One image pre-processing trick you might try before binarizing is _smoothing_ which you perform with a gaussian filter. Try adding the following step before binarization: 

img_smooth = gaussian_filter(img, sigma = 5)

Where changing the value of _sigma_ will change the amount of smoothing. 

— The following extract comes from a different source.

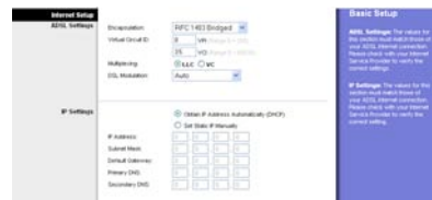
Static IP Address

## Once you have chosen your value of threshold, let's use it to see if we can classify dense v. fatty breast tissue: 

In [0]:
dense_smooth = gaussian_filter(dense, sigma = 3)
plt.imshow(dense_smooth)

In [0]:
## Let's first get all of the intensity values of the breast tissue for our fatty breast images using the
## segmentation method above: 
thresh = 50

fatty_imgs = glob.glob(os.path.join(dir,"fatty/*"))
dense_imgs = glob.glob(os.path.join(dir,"dense/*"))

In [0]:
fatty_intensities = []

for i in fatty_imgs: 
    
    img = plt.imread(i)
    img_mask = (img > thresh)
    fatty_intensities.extend(img[img_mask].tolist())

In [0]:
fatty_intensities

In [0]:
x = plt.hist(fatty_intensities,bins=256)

In [0]:
dense_intensities = []

for i in dense_imgs: 
    
    img = plt.imread(i)
    img_mask = (img > thresh)
    dense_intensities.extend(img[img_mask].tolist())

In [0]:
x = plt.hist(dense_intensities,bins=256)

In [0]:
scipy.stats.mode(fatty_intensities)[0][0]

In [0]:
scipy.stats.mode(dense_intensities)[0][0]

In [0]:
for i in fatty_imgs: 
    
    img = plt.imread(i)
    img_mask = (img > thresh)
    
    fatty_delta = scipy.stats.mode(img[img_mask])[0][0] - scipy.stats.mode(fatty_intensities)[0][0]
    dense_delta = scipy.stats.mode(img[img_mask])[0][0] - scipy.stats.mode(dense_intensities)[0][0]
    
    if (np.abs(fatty_delta) < np.abs(dense_delta)):
        print("Fatty")
    else:
        print("Dense")

In [0]:
for i in dense_imgs: 
    
    img = plt.imread(i)
    img_mask = (img > thresh)
    
    fatty_delta = scipy.stats.mode(img[img_mask])[0][0] - scipy.stats.mode(fatty_intensities)[0][0]
    dense_delta = scipy.stats.mode(img[img_mask])[0][0] - scipy.stats.mode(dense_intensities)[0][0]
    
    if (np.abs(fatty_delta) < np.abs(dense_delta)):
        print("Fatty")
    else:
        print("Dense")

Just by using this method, we're able to get 100% accuracy on dense images and 70% accuracy on fatty images! Now, we 'trained' on the same set of images that we validated on, so in order to be confident in this algorithm we need to validated on a separate held out set, which we'll learn about in the next lesson.